Лермонтов вторгается в Пушкина эхом, голосом, который, повторяя Пушкина, его десемантизирует. Пригов обосновывает такой метод переписывания Онегина лермонтовской кавказкой темой: «с гор, с вершин блистающих, с времен туда от нас ушедших, смысл туда весь унесших, звуком чистоты и волнующим отзывающихся!» Иными словами, эхо одновременно уносит смысл в горы, но возвращается «звуком чистоты и волнующим». Лермонтов здесь – это просто обозначение романтического горного эха, служащего эмоциональным преобразователем текста. В том же 1985 году в тексте «Двойник» Лермонтов появляется как двойник самого Пригова, хотя и в компании с Пушкиным и Достоевским. Иными словами, он оказывается вообще генерализованным эмоциональным эхо самого поэта. «Двойник» начинается как традиционная романтическая поэма:

О кто ты, мой двойник печальный!

Двойной ль потусторонний свет?

Сосуд ли тот первоначальный?

Ты Пушкин есть ли, или нет?

Двойник – Я нет!

Ты Лермонтов есть или нет?

Двойник – Я нет!

Постепенно двойник признается, что он одновременно является и Пушкиным и Лермонтовым, и Достоевским, и Блоком, и автором самого «Двойника».

Лермонтов, однако, в этом списке занимает совершенно особое место, двойник безо всяких обиняков объявляет себя именно Лермонтовым:

Я твой двойник, двойник печальный!

Я Лермонтов, но я и нет

(Да, да, Лермонтов – кричу я: Лермонтов!

Лермонтов! – бормочу я, распуская, распрядая волосы свои седые: Лермонтов! Сосуд печальный! – пеплом голову посыпая и еле слышно, как пиццикато: Лермонтов, Лермонтов!)

О, я сосуд первоначальный! (Широка-а-а-а-а!)

Я твой твойник, двойник печальный! (Странаа-а-а-а!)

Я Лермонтов певоначальный (Моя-я-я-я-я-я!)

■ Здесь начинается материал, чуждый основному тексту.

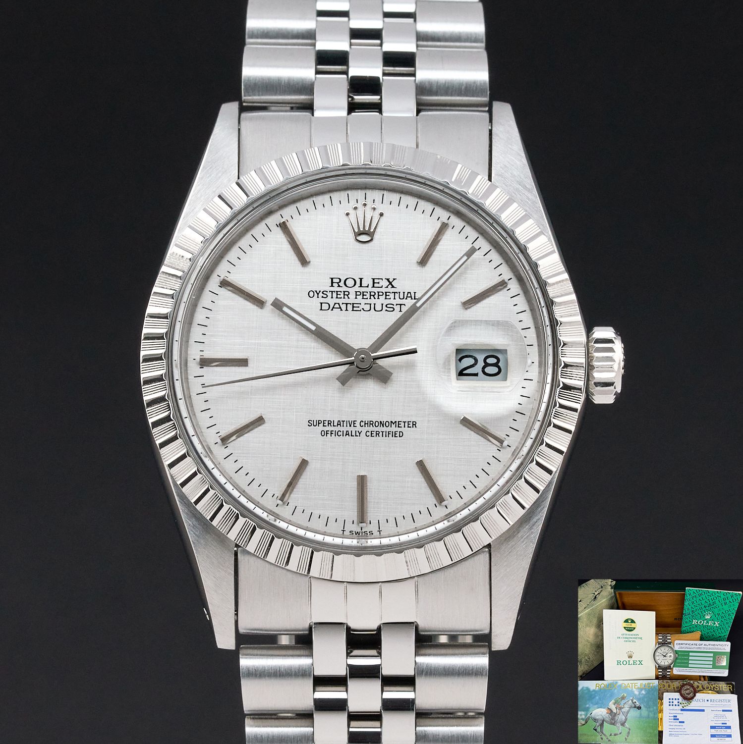 Rolex Datejust, 16030, 36mm, 1986, Steel, Silver Linen dial, Fullset, 1y warranty
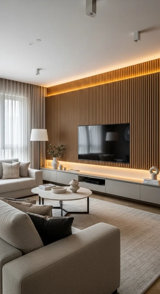 Fluted wood introduces rhythm and warmth. Vertical lines visually stretch walls upward. Use it behind the TV to turn a functional area into a focal point.
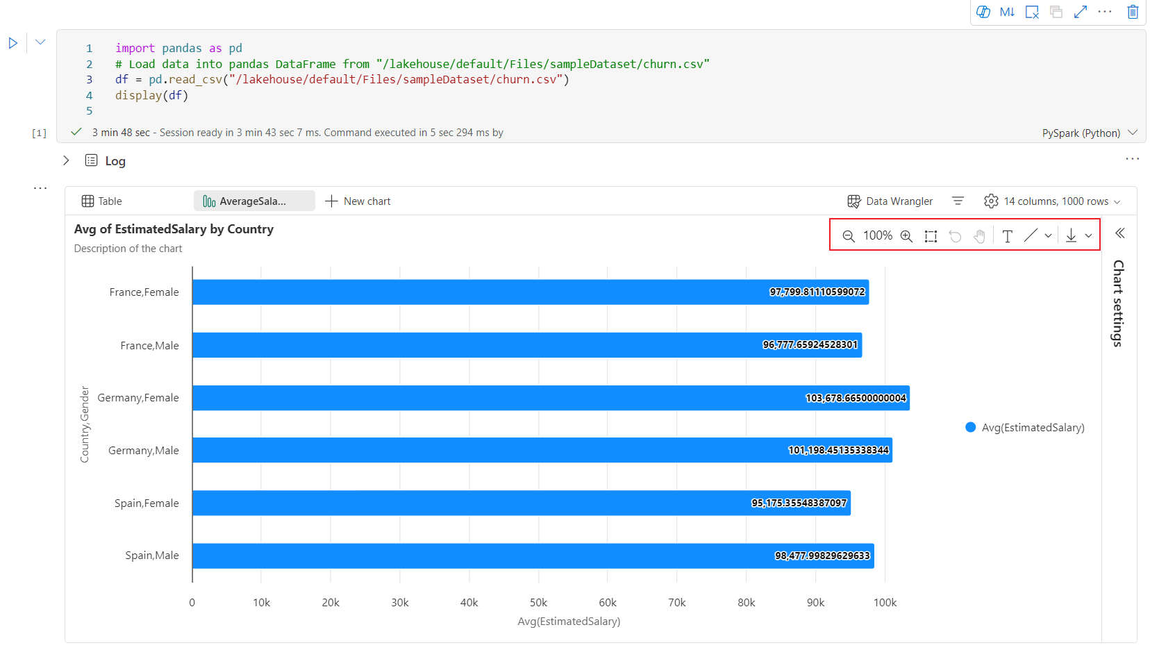 Fabric-Notizbücher ermöglichen es Ihnen auch, tabellarische Ergebnisse in benutzerdefinierte Diagramme zu konvertieren, ohne Code zu schreiben, wodurch eine intuitivere und nahtlose Datenerkundung ermöglicht wird.
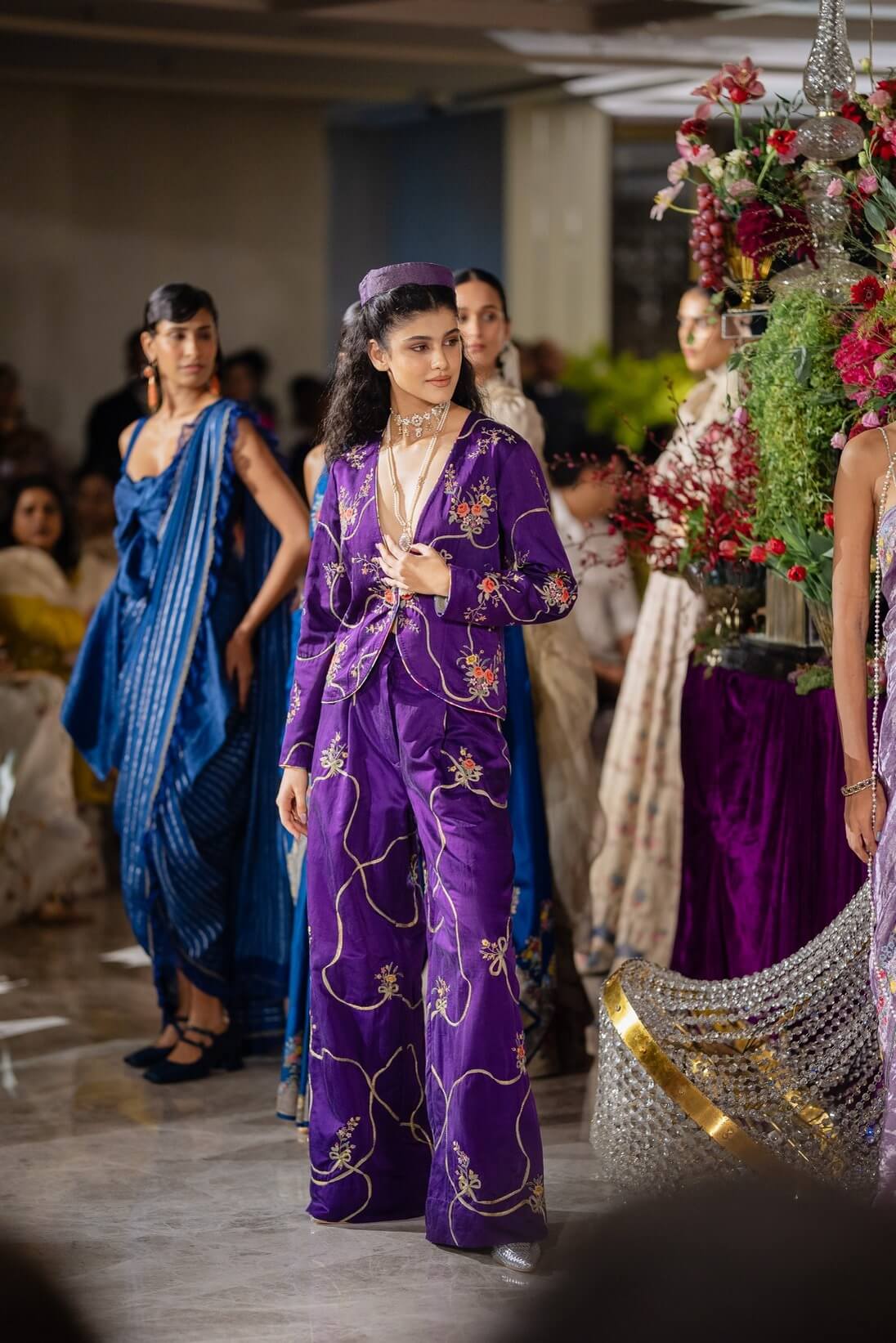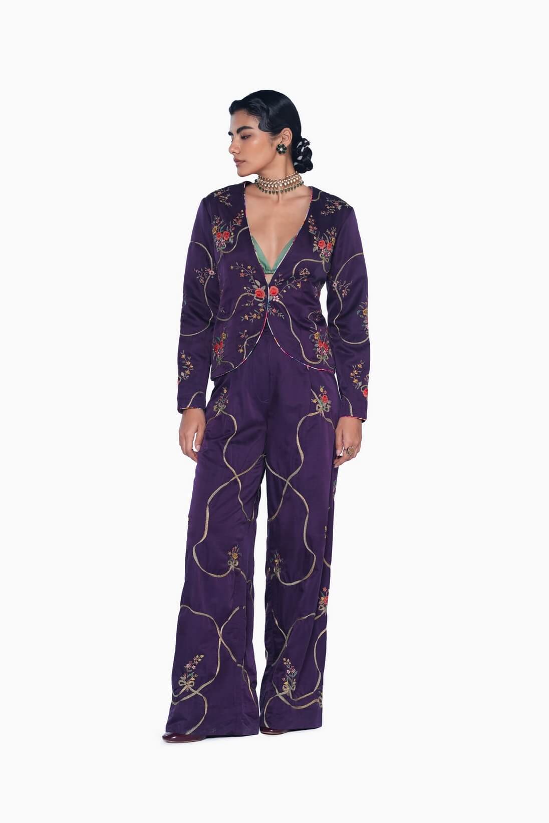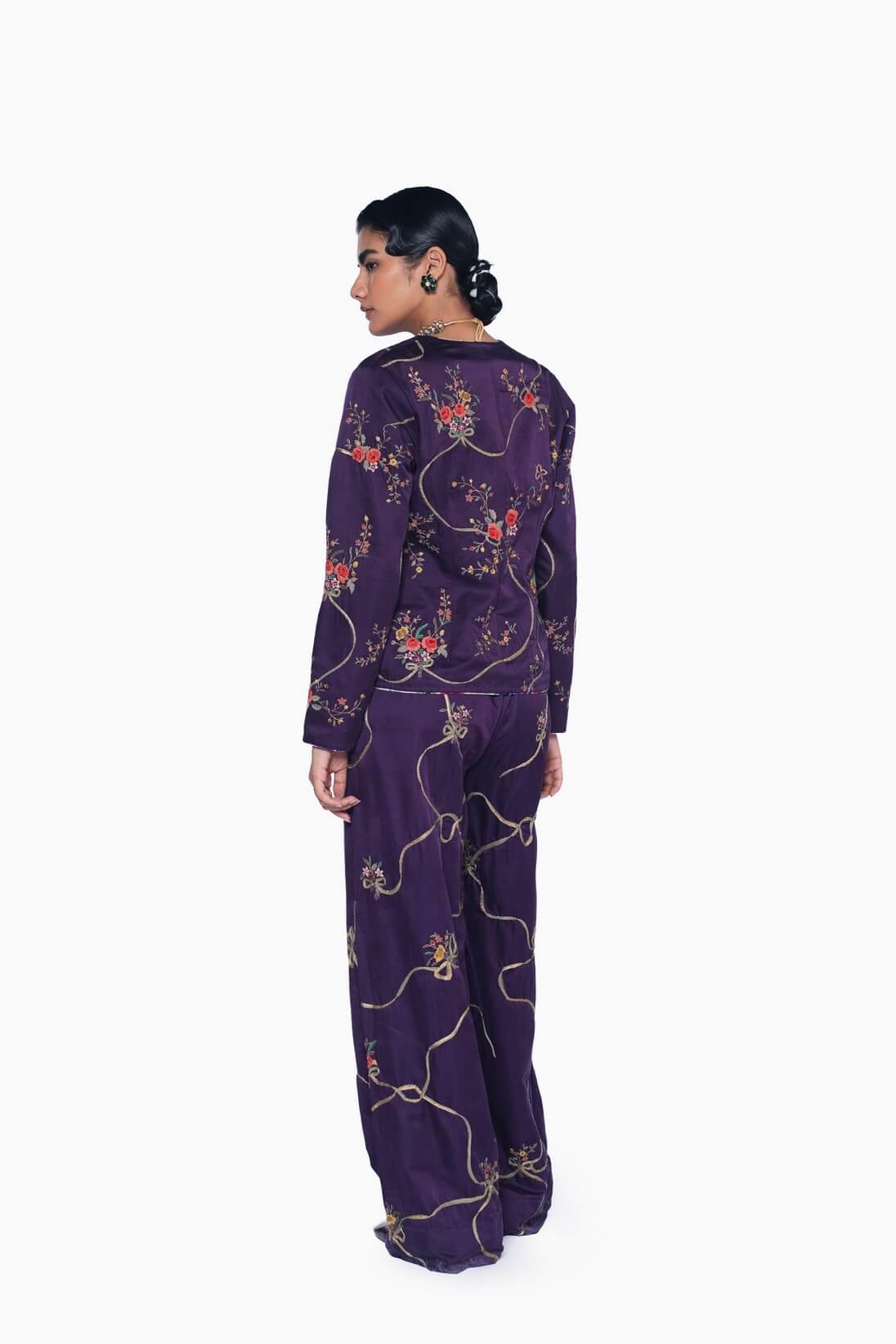 The Nilofer pant, crafted in handwoven satin fabric, showcases the signature French floral bouquets tied with finely embroidered ribbons in an all-over pattern, meticulously appliqued and hand-embroidered in bright, cheerful colors on a rich purple base, while a hand-painted design on the lining adds a playful, artistic touch.
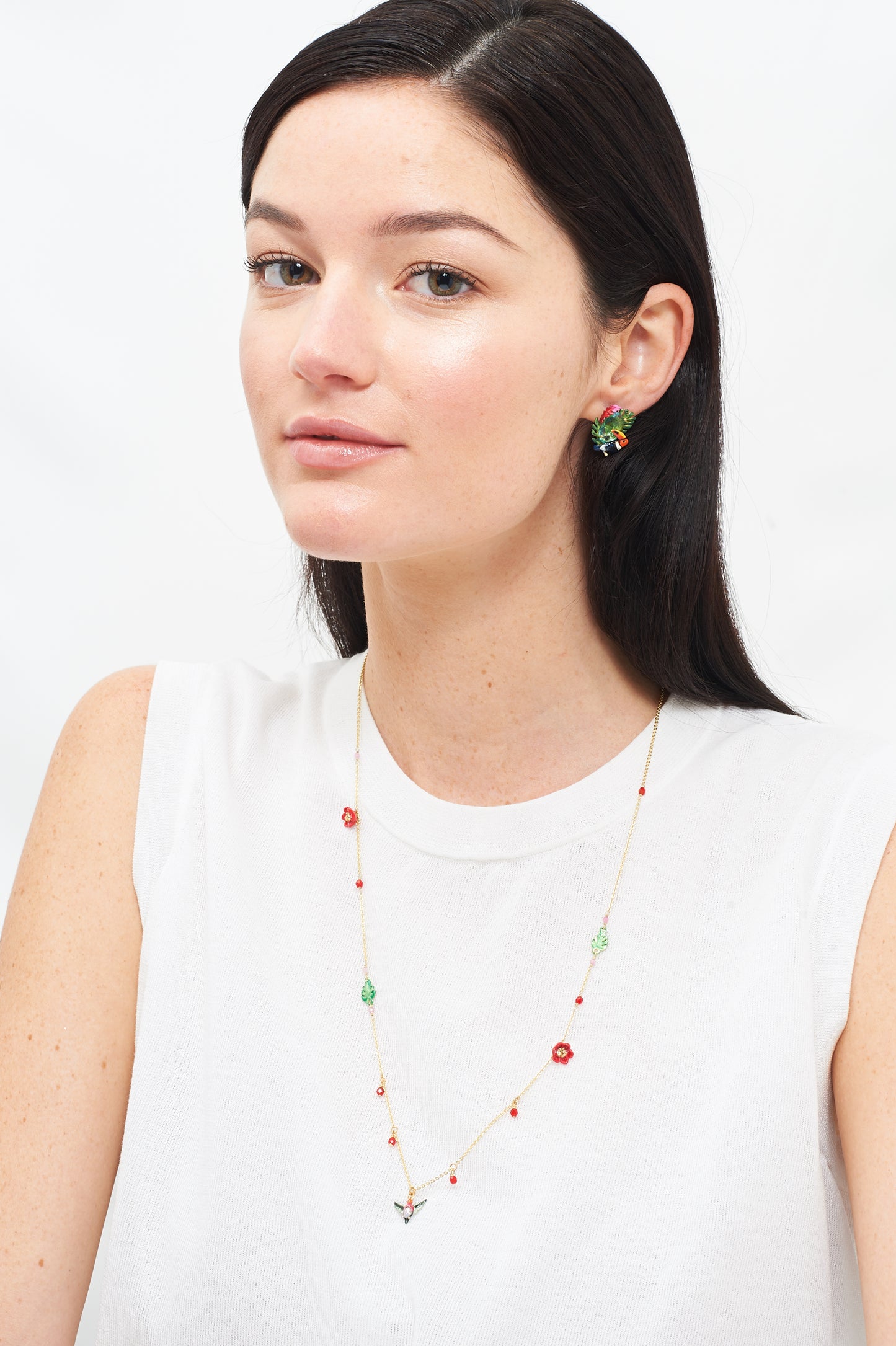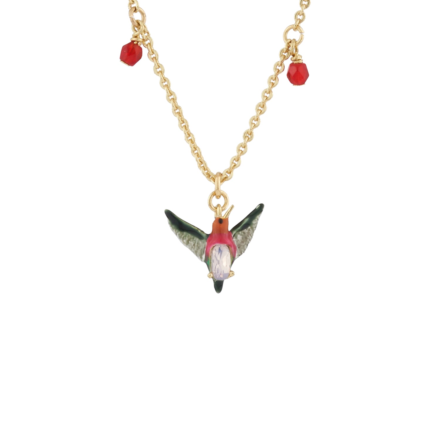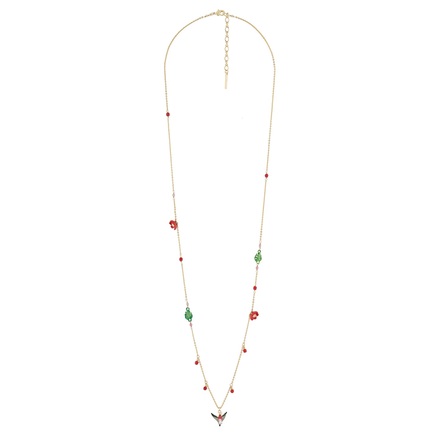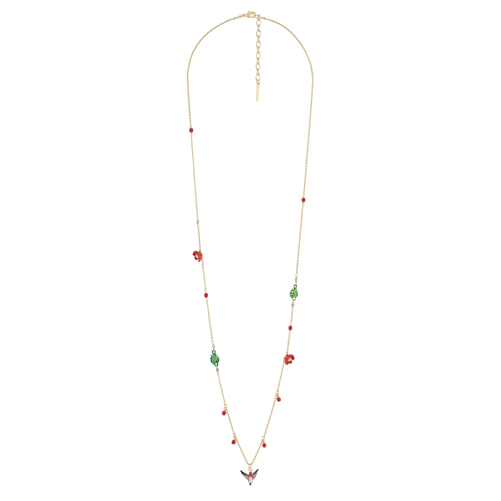 Introducing the Luxuriante Canopée Necklace by Les Nereides. Immerse yourself in the enchanting world of Les Nereides with this exquisite collection inspired by the rainforest. Adorned with vibrant toucans, hummingbirds, and other tropical animals, this necklace is a true masterpiece. Crafted with care, it features gold plated brass (18k), hand-faceted stones, crystal beads, rhinestones, and hand-painted enamel. Rest assured, it is nickel-free for your comfort. The chain length is 70cm with a 5cm extension, while the hummingbird pendant measures 1.5cm in length and 2cm in width. Delivered in Les Nereides packaging, this necklace is a must-have for any jewellery lover.

В этот фрагмент опять вмешивается подобие эха – иной голос – на сей раз слова известной песни. Но функция двойничества и эха, десемантизирующего текст, тут полностью сохранена.

Лермонтов возникает на пересечении двух линий. Одна связана с многоголосьем, с которым Пригов экспериментирует в так называемых «стихах для двух голосов». Вторая линия – это связанное с первой экспериментирование с гипертрофированной гротескной эмоциональностью, смысл которой, на мой взгляд, выходит далеко за пределы пародирования всякого рода романтического поэтизма. Пароксизма приговские аффекты достигают, пожалуй, в 1985 году, например в тексте под названием «Силы человеческие неземные» – отмечу между прочим использование эпитета «неземные», который в онегинском опыте будет лермонтовским словом.

Этот текст, как и многие тексты того времени, строится на перекличке нескольких голосов, которые возвышаются до каких?то конвульсий аффективности:

О-о-о-о! – кричу я, перегибаясь, переламываясь, схватываясь за раны, открывшиеся, кровью сочащиеся, гноем вскипающие – О-о-о-о! – кричу, боль на себя их принимая – О-о-о-о! – сгибаюсь, словно свинцом переполненный – О-о-о-о! – держусь и выдерживаю содрогаясь, на колени медленно спускаясь, как столб могучий, взрывом приподнятый, по вертикали обратной медленно спускающийся, тяжесть и мощь, мощь свою удерживающий – О-о-о-о! – сжимаюсь, сжимаюсь – А-а-а-аоэоейя!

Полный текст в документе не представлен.